Other Day of Caring projects included the Arc of Southern Maryland’s annual picnic at Hallowing Point Park, which gave the volunteers from county government, Southern Maryland Electric Cooperative, AXA Advisors and Precise Systems an opportunity to interact with the agency’s clients. Arc of Southern Maryland aids individuals with intellectual and developmental disabilities.

“Really, today is all about fun,” said recreational therapist Crystal Haislip.

Arc of Southern Maryland Director of Community Support Ron Mould said the agency serves about 200 people in the Tri-County area. “Some have been working 20 years,” he noted.
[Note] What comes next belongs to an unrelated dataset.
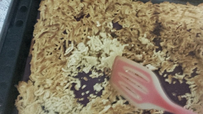 В сотейник 400 гр сливочного масла. Растапливаем на медленном огне. Как растопится, смешиваем при помощи миксера со стаканом сахара, чайной ложкой соды и щепоткой соли. После этого, насыпаем туда же пшеничную муку. Можно не жалеть, тесто должно получиться крутым. Как будет готово тесто, проворачиваем его на противень через мясорубку, либо замораживаем и трем на тёрке. Первый вариант быстрее, естественно. Выпекаем до готовности. Готовность проверяется пробой. В общем, когда будет золотистого цвета, значит, точно готово. Мы делали так: сначала минут 15 запекаем, как позолотится, крошим и перемешиваем, и снова в духовку. Но это потому, что духовка уебищная, у вас может быть и сразу будет готово.

While there is strong support from the business community, Mould said the agency is always looking for new partners.

Arc spokesperson Nkeshi Free said the agency, which started in Calvert and subsequently expanded into the other two Southern Maryland counties, will be celebrating its 40th anniversary with a series of events. The annual picnic, which had a “Happy Birthday” theme, was a way of getting the celebration started. “For 40 years old we look pretty good,” said Free.